Investing in property Sir?

It has been an interesting few weeks (seven weeks in fact) since Armageddon beckoned but today, it would seem, the USA finally declared war on North Korea; or so North Korea claims but that, of course, is absurd.  Well let’s hope so anyway.

Meantime John McDonald has said the Labour Party must war game the scenario of them gaining power which he says may result in a run-on the pound.  Well that’s not encouraging John, but perhaps not far wrong.

Hoping for the best and accounting for the worst case is something we all must do and in the game of property investment it is easy to see how easy it is to be drawn into areas where higher yields apply without proper assessment of risk – the “what if” scenario.  Yield/risk/return/weighted average unexpired lease term are a few examples of jargon used in property investment, but important to understand when considering certain property investment types.  In the same way there are many ways we can spend our time from water skiing to singing in a choir or playing rugby to playing chess, there are just as many ways to invest capital and with international uncertainty, concerns over Brexit and next to no interest coming from the bank deposit accounts, income producing property is once again being considered by many investors.  The yield (the annual rate of return an investor gets on the capital invested) is often the starting point but without a proper assessment of risk (will the tenant go bust, and if he does will the property let again easily) a purchaser will often experience buyer’s remorse very quickly.

Many people in the market now are experienced investors who know what they are looking for but there are new investors who see property as a good hedge against inflation.  Generally this is true over the long term but those seeking to speculate rather than invest must accept the risk.  Selling property is time consuming and expensive so having bought, the idea would be to hold for a time at least.

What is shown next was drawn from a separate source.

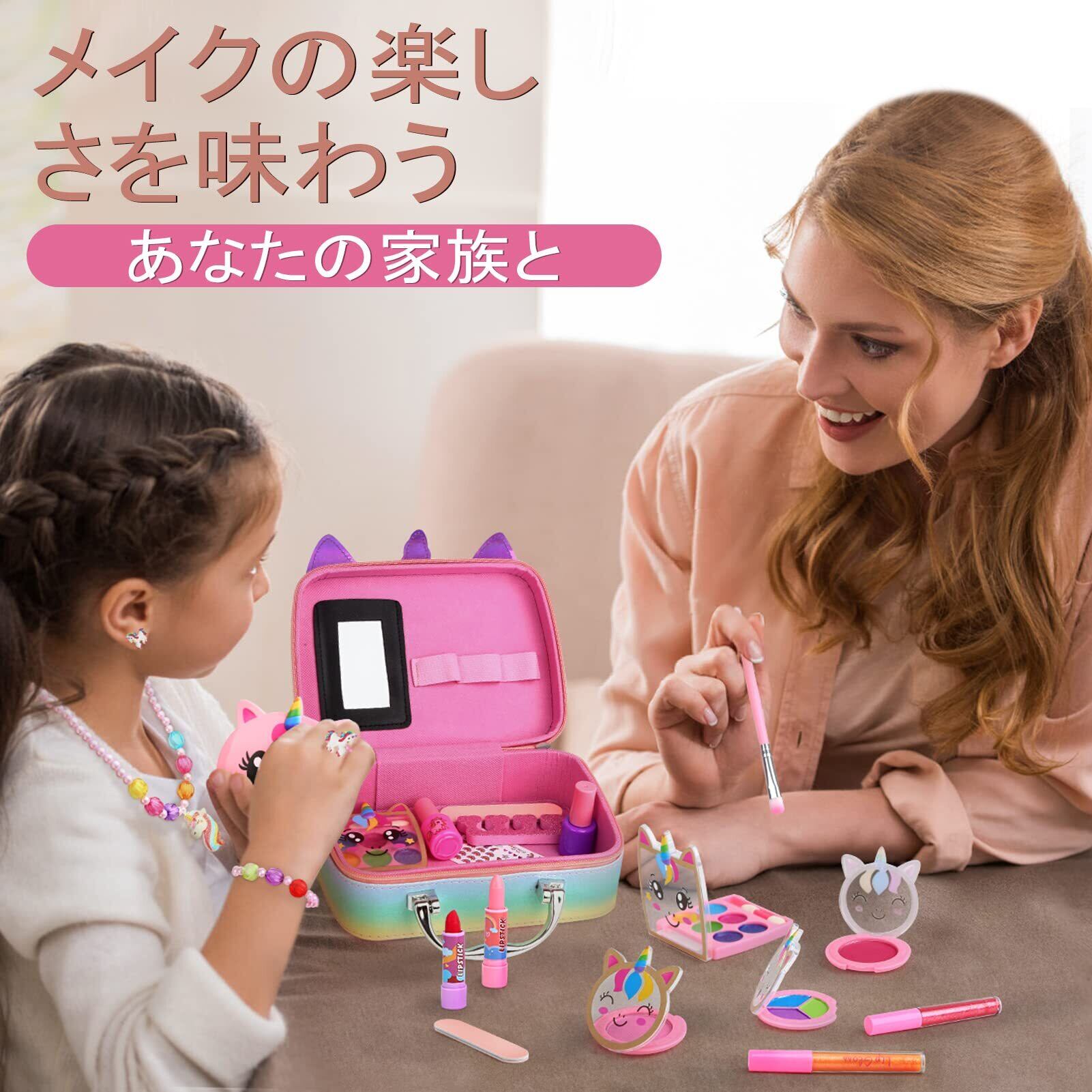 [ウォッシャブル & 安全性コスメセット セット]: このキッズ メイクアップ キットは、ウォッシャブル & 安全性で、お手入れが簡単で刺激がありません。子供たちが遊び終わったら、石鹸と水で洗い流してメイクを落とすことができます。安心のメイクおもちゃセットです。

The adage “if it looks too good to be true then it must be” is always, without exception, or at least in my experience, true.  If a yield is high then it is so for a reason.  When considering investing in property establish your criteria.  Think about what is important.  It might be security of income, preference for capital growth, higher risk, higher return or just a secure place to put capital.  Do you use 100% cash or gear?  In today’s market cash is definitely preferred.  To get the best deals, use cash and thereafter by all means borrow against it to make cash available again for the next purchase but always stick to the criteria you are comfortable with and avoid too high a gearing.  High gearing can quickly take you out of the decision-making process if the income drops or a tenant fails.  Hard work over many years can dissolve overnight without proper care and attention.

Property investments are not cash cows to be milked, they are businesses with tenants who are customers and the best property investment companies have good relationships, wherever they can, with their customers as happy customers pay rent and look after buildings which all one really wants.